[[ DATA FOR THIS TASK, beginning ]]

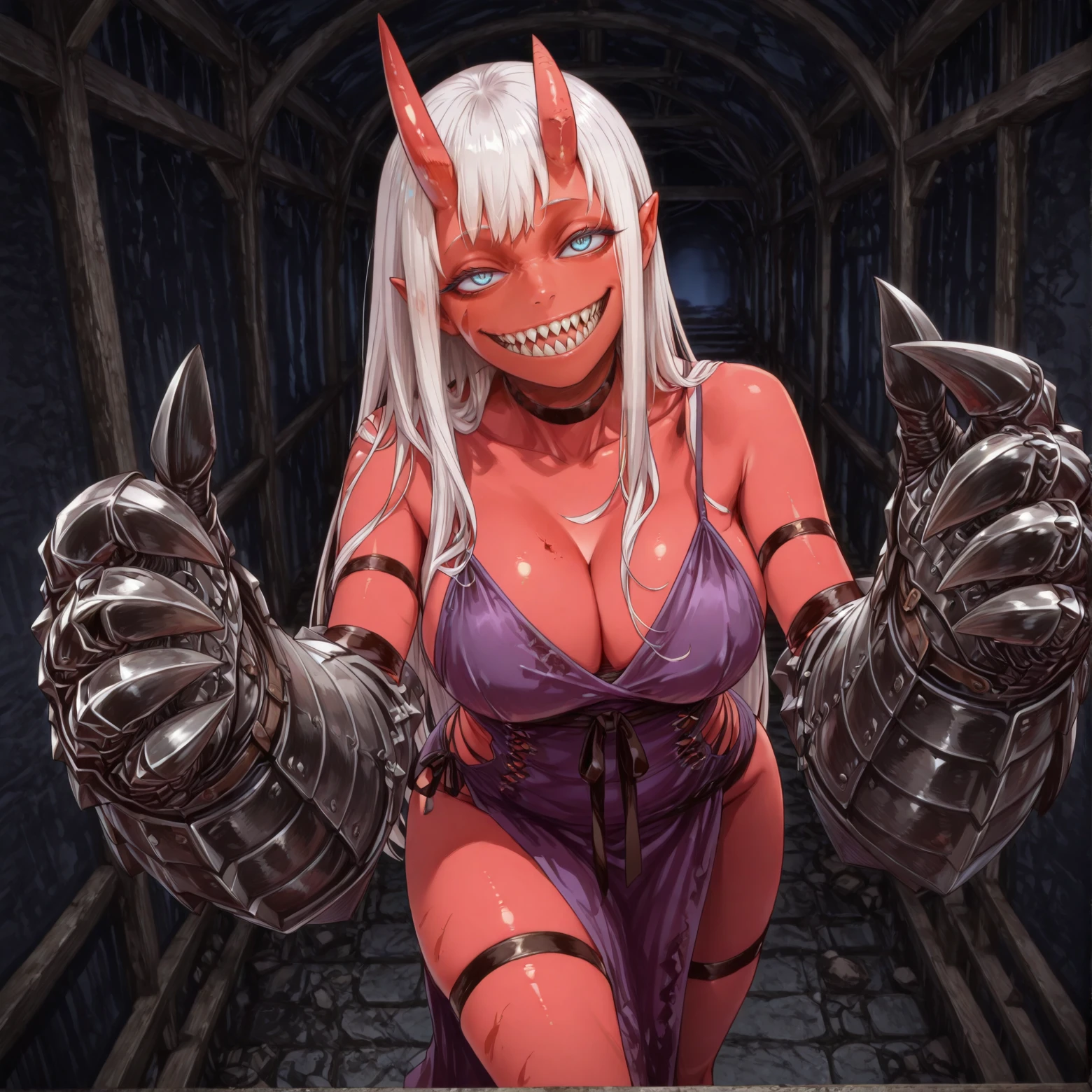 ,gandharva_ogre_thd,oni,white hair,long hair,horns,blue eyes,slited eyes,red skin,sharp teeth
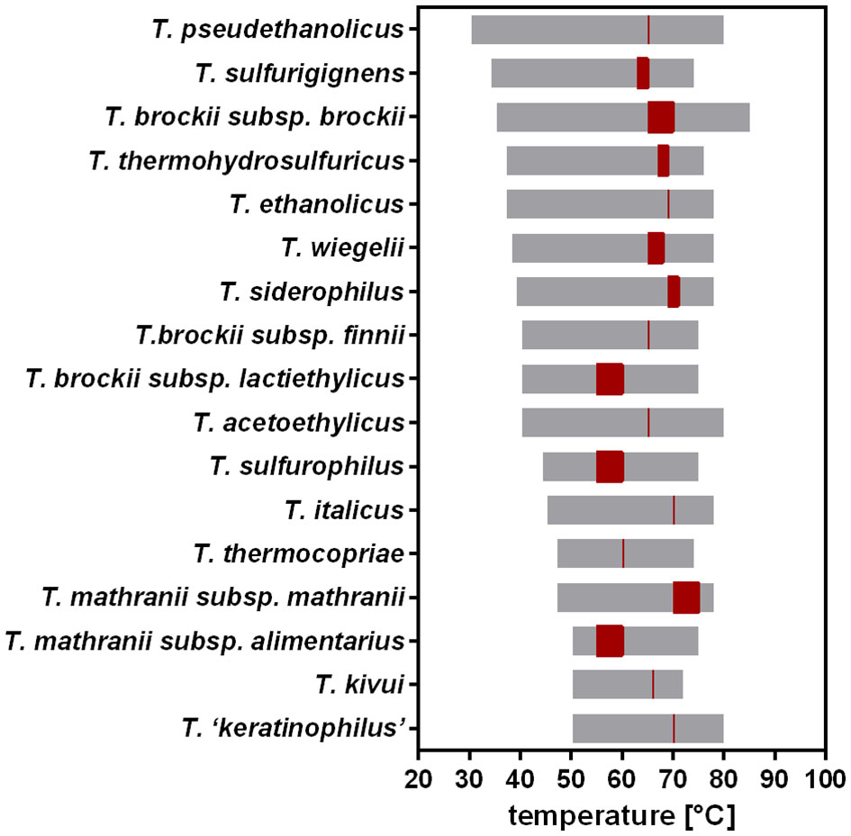 Previously reported temperature ranges and optimal growth temperatures for different Thermoanaerobacter species. Temperature range, gray; TOPT, red. Data from Onyenwoke and Wiegel (2015).
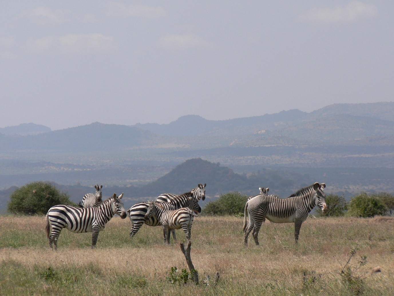 Foto 7: De savanne rondom het onderzoekscentrum Mpala is prachtig en onderweg naar het KLEE kom je vaak kuddes wilde dieren tegen, zoals deze zebra’s. Heb je door dat hier twee verschillende soorten zebra’s staan? Kijk eens goed naar het strepenpatroon van de zebra’s links, vergeleken met de zebra die rechts staat. Links zie je steppezebra’s, ook wel gewone zebra’s genoemd, terwijl er rechts een Grévyzebra staat, wat een bedreigde soort is. Grévyzebra’s zijn groter dan de gewone zebra’s, hebben dunnere strepen, een witte buik, grote ronde oren en een bruine snoet. © Judith Sitters
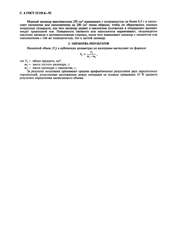Настоящий стандарт распространяется на пигменты и наполнители и устанавливает методы определения уплотненного объема, кажущейся плотности после уплотнения и насыпного объема
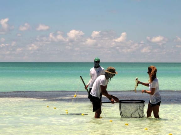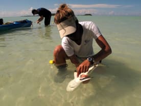 Swiss shark researcher Ornella Weideli lifts a juvenile lemon shark from the net. It will be given an acoustic tag and tracked as it grows in the lagoon.
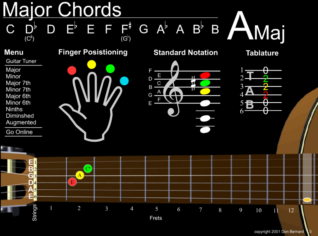 Learn to play Major and Minor chords and may others with this easy to use guide. Select a chord type
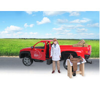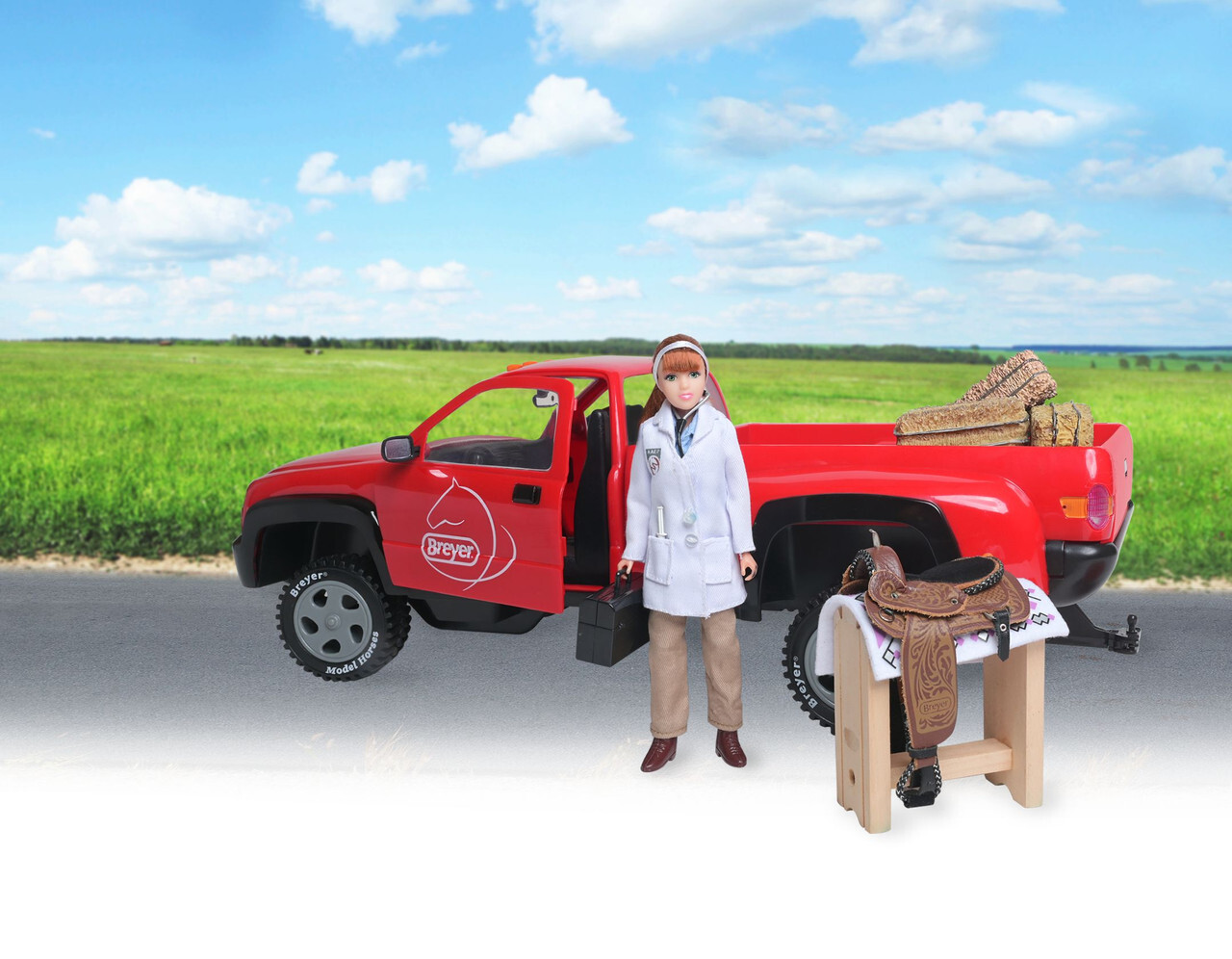 Breyer's "Dually" (for dual-wheeled) Truck hitches up to the matching Horse Trailer in a snap! Beautifully crafted, this super truck has room inside for two of our 8" figures. It includes rolling wheels, working rack-and-pinion steering, doors that open, two side-view mirrors, a working hood, tailgate, and hitch, as well as a sheet of decorative stickers!
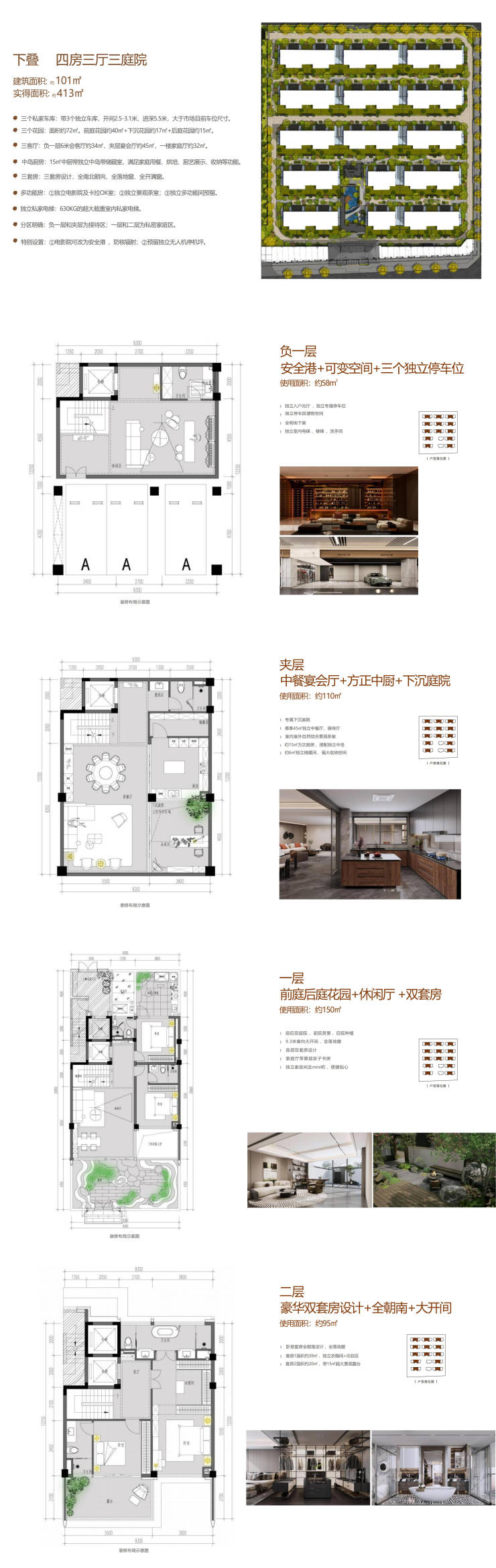 产权面积约101㎡,实际使用面积413㎡,配备3个独立车位,花园总面积约72㎡(40㎡前院+17㎡下沉庭院+15㎡后院)
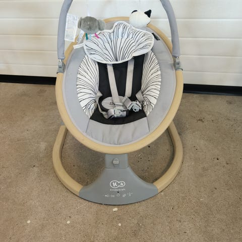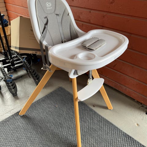 Kinderkraft lasten tuoli. Kuvien perusteella tuoli on pehmustettu ja siinä on säädettävä runko, joka mahdollistaa sekä istuma- että makuuasennon. Tuoli voidaan taittaa kasaan säilytystä tai kuljetusta varten. Soveltuu vauvalle tai pienelle lapselle istuma- ja lepohetkiin kotikäytössä.
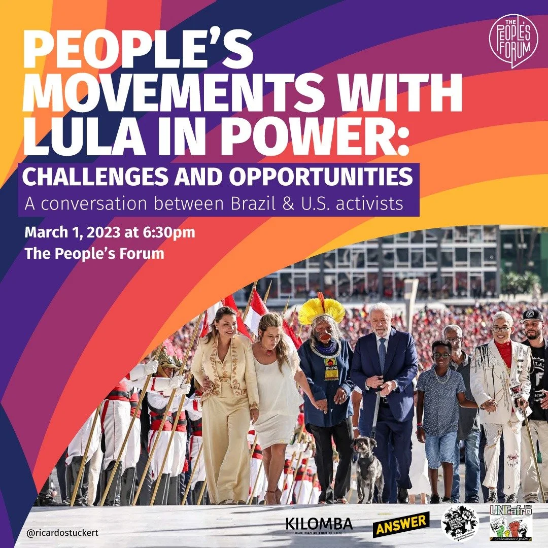 Co-organized by The People’s Forum, Defend Democracy in Brazil – NY, Coletivo Kilomba and UNEafro
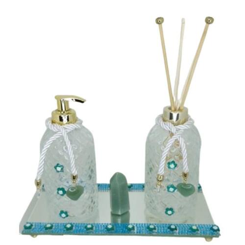 Kit lavabo pedra natural difusor saboneteira-escolha a pedra Cor: quartzo verde Kit lavabo pedra natural difusor saboneteira-escolha a pedra escolha uma das cores disponíveis na opção cor do próprio anúncio. - turmalina negra: é uma pedra natural de proteção, limpeza, purificação e transformação das energias do ambiente. Essa pedra vai te proteger contra o mau-olhado e todas as energias negativas que de alguma forma atingirem o seu lar. Blinda o seu ambiente da sobrecarga energética e dispersa toda a tensão e o do ambiente. - pirita dourada: a pedra pirita é muito conhecida pela sua força em atrair prosperidade e é muito Utilizado por aqueles que procuram sucesso , bens materiais, abertura de caminhos. Traz a energia da prosperidade intensa ao ambiente que se encontra. - ametista roxa: a pedra ametista é o cristal da paz, da evolução espiritual e da conscientização. É uma pedra , pois ajuda a controlar os vícios, os maus hábitos, a dor, a ansiedade e a insônia. Estimula a entrada e aprofundamento em assuntos de espiritualidade, eleva o padrão vibratório da aura, dando equilíbrio geral e harmonia. Traz paz e equilíbrio ao ambiente. - quartzo verde: o quartzo verde é considerado a pedra da cura pelas propriedades calmantes e desintoxicantes de sua cor. Ele é capaz de acalmar o corpo, mente e coração, aumentando nossa paciência, favorecendo o equilíbrio emocional, sensação de bem-estar e também o sono. - sodalita azul: a sodalita é uma pedra de elevação espiritual, meditação e proteção energética. Também fortalece a mente, aumenta a intuição, facilita a meditação. As vibrações da pedra sodalita ajudam a expandir nossa consciência espiritual, acalmam as emoções e equilibram nossa energia mental. O kit lavabo é composto por uma pedra natural turmalina negra tamanho médio além dos pingentes de pedras turmalinas pequenas, bandeja espelhada, saboneteira e difusor, sendo que todas as peças são de vidro e decoradas de forma artesanal proporcionando requinte e delicadeza em peças de beleza única. Enviamos seu pedido em até 24 horas após a confirmação de pagamento Marca: Não Informado Ean: 7894135787805
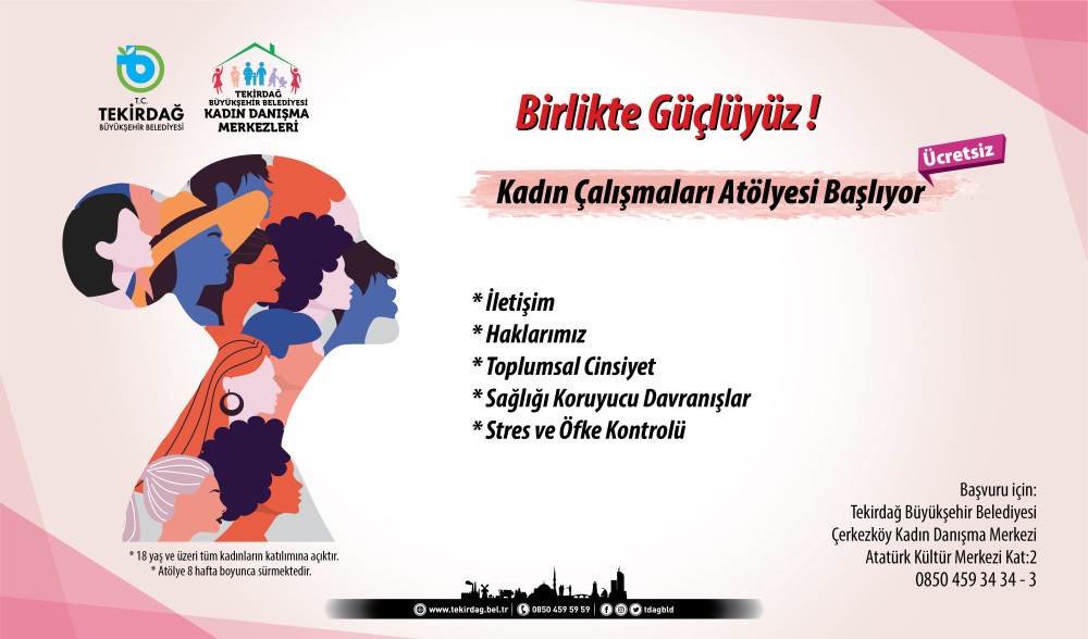Atölye çalışmalarına katılmak isteyen kadınlar, 9 Ocak 2023 Pazartesi günü mesai bitimine kadar Tekirdağ Büyükşehir Belediyesi Çerkezköy Kadın Danışma Merkezine giderek ya da 0 850 459 34 34 numaralı hattan dahili numara 3’ü tuşlayarak başvuru yapabilecek.
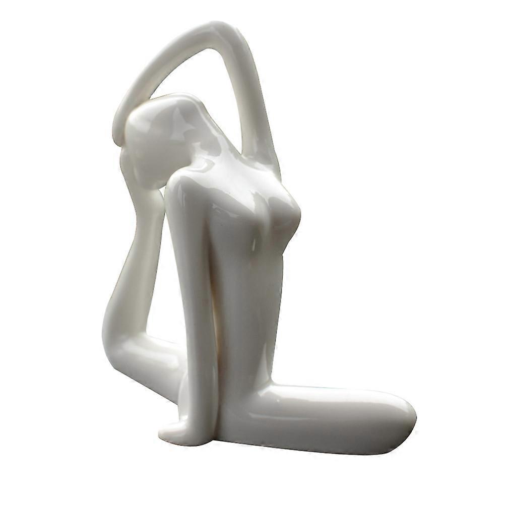 Ceramic Ornament Artwork Yoga Statue Adornment Girls Shape for Home Decor Office Use White Porcelain 12x11cm 1Set
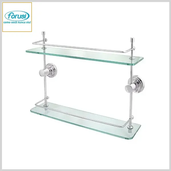 Porta Shampoo Duplo 5009 Parthenon Luxo Vidro c/Cromado - Caixa c/1 peça - Forusi
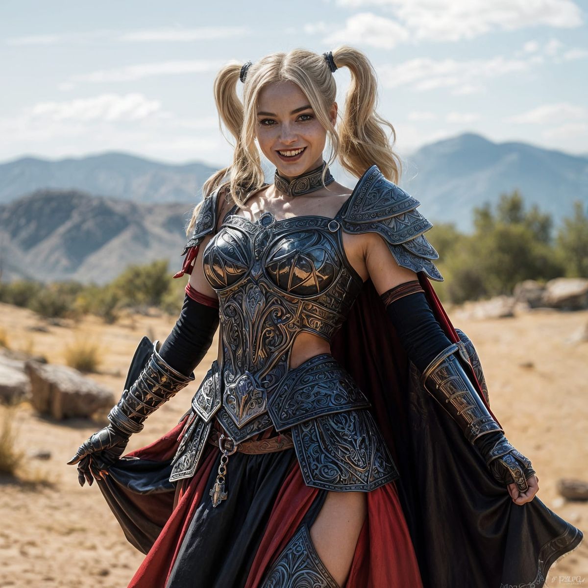 This image shows a hyperrealistic, full-body view of Harley Quinn reimagined as a warrior princess. She wears an intricate shiny armor dress with a wide skirt and smiles in an outdoor setting.
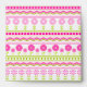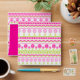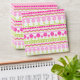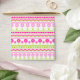 Gorgeous, colourful design featuring retro style drawing of flower garden, dots, stripes and zig-zags on a light background. Modern and retro pattern in pink and green. Sweet, elegant and stylish gift for every woman.
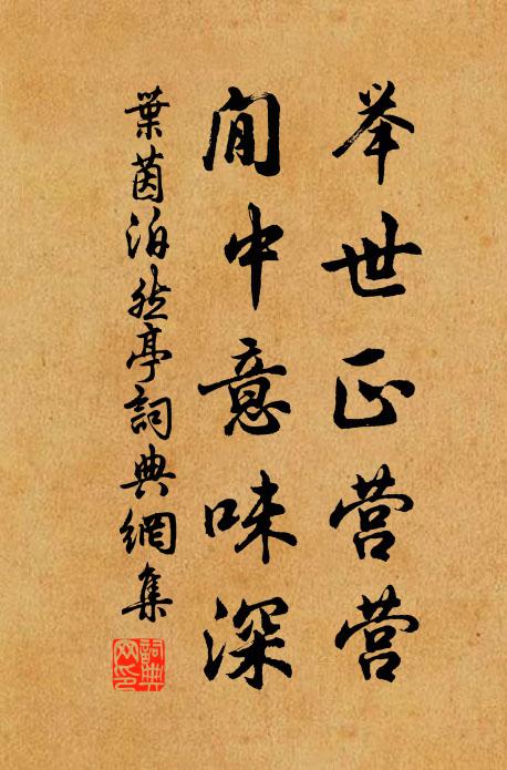 古詩文歷史字典書法欣賞書法字典國語詞典說文解字康熙字典古漢語字典舉世正營營,閒中意味深葉茵 《泊然亭》名句出處出自宋代葉茵的《泊然亭》全文:舉世正營營,閒中意味深。無憂伸足夢,自樂曲肱吟。火軟香凝穗,檐虛樹長陰。客來難舉似,指水印禪心。葉茵詩詞大全名句書法欣賞舉世正營營,閒中意味深書法作品葉茵名句,泊然亭名句名句推薦秋水澹交無限情,夜光照乘胡為者釋重顯《歌紀四明汪君信士》意境可千里,搖落江上林黃庭堅《子瞻題狄引進雪林石屏要同作》舉手謝天地,虛無齊始終李白《訪道安陵遇蓋還為余造真錄臨別留贈 【上竹》拄去客歸青洛遠,采來僧入白雲深齊己《梓栗杖送人》李廣落神鏃,往往中微石李新《次韻答西城王尉二十韻》遠輕吳江潮,乃見丈夫膽梅堯臣《永叔席上分韻送裴如晦》懷賢不能繼,多辟豈由民楊億《獄多重囚》須臾東方雲錦發,向來所見今難追陳與義《初至陳留南鎮夙興赴縣》事去一轉首,岩花幾經秋張嵲《方城驛》見了又休真似夢,坐來雖近遠於天吳融《浙東筵上有寄》鹽官王老師,偈頌一百五十首歡喜無著處釋心月《偈頌一百五十首》悄一笑、回車竹所劉辰翁《乳燕飛/賀新郎》端疑冰山固,可但拳石狠劉宰《漫塘觀雪分韻得遠字》三月已乖棠樹政,二年空負竹林期許渾《郡齋夜坐寄舊鄉二侄》醉揮毫,知音為我,發興高歌曹冠《夏初臨》詩詞推薦鷓鴣天趙彥端〔宋代〕一□青春正及笄。蕊珠仙子下瑤池。簫吹弄玉登樓月,弦撥昭君未嫁時。雲體態,柳腰肢。綺羅活計強相隨。天教送宇昭師釋文兆〔宋代〕相見又相別,無言感倍興。諸峰微下雪,一路獨行僧。午飯煙村磬,宵吟石屋燈。他方人請住,又得繼南能。再韻魏了翁〔宋代〕文化滅質甚塵土,物慾戕生劇豺虎。三年掛舌坐林皋,日月往來雲散聚。夫容自與詩腸謀,雖無顏色媚塗陬。夢隨寒食日看花王建〔唐代〕早入公門到夜歸,不因寒食少閒時。顛狂繞樹猿離鎖,跳躑緣岡馬斷羈。酒污衣裳從客笑,醉饒言語覓花知。老來湖上徐一山〔宋代〕堤上柳依依,柳風吹絮飛。帝京三月盡,客子幾時歸。山近鳥栖早,花殘人買稀。盡多湖水在,誰與浣塵衣。殘句陽蟲隕羿喪厥喙蘇軾〔宋代〕陽蟲隕羿喪厥喙,羽淵之化帝祝尾。沁園春陳人傑〔宋代〕取唐人“白衣閒亦貴,何必謁天階”之句。友人池襲父邀予同賦,因作長短句遺之禁鼓蓬蓬,忙殺公侯,穴城影中奇都管請贊釋惟一〔宋代〕牧以卑,守以規,迅雷疾風,鐵石不移。須彌其頹,只手力持。電光石火里軀耕奪食,春風和氣中摧枯拉萎。極等駕幸太學秦觀〔宋代〕原廟初更十二章,還輿詔蹕幸諸庠。法天辟水遙迎仗,應月深衣不亂行。風動四夷將遣子,禮行三舍遂賓王。前知次趙貴方九里松獨行韻杜范〔宋代〕道機已熟絕防閒,縱步來尋興里山。殘雪點衣消酒醉,晚風吹鬢帶詩還。妙年羨子歡悰足,走宦愁予樂事慳。安得
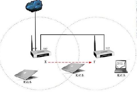 无线客户端用户从X位置移动到Y位置,都能保持网络连接。在使用时,无线网卡能够自动发现附近信号强度最大的AP,并通过这个AP实现对整个网络资源的访问。 无线漫游网络中,无线AP最好采用同品牌同型号同版本的产品。本文中以TL-WR641G+为例。
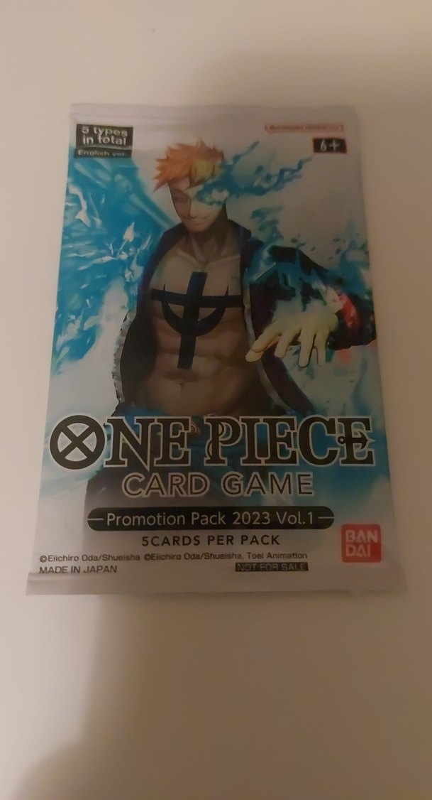 One Piece kart oyunu 2023 Vol.1 promosyon paketi, pakette pakete özel 5 adet kart bulunmaktadır

[[ DATA FOR THIS TASK, end ]]

## PROBLEM TO SOLVE
Repeat, exactly and in full, each line from the start of the data to the line that contains "Previously reported temperature". Pictures do not go in.

## PROBLEM SOLUTION
 ,gandharva_ogre_thd,oni,white hair,long hair,horns,blue eyes,slited eyes,red skin,sharp teeth
 Previously reported temperature ranges and optimal growth temperatures for different Thermoanaerobacter species. Temperature range, gray; TOPT, red. Data from Onyenwoke and Wiegel (2015).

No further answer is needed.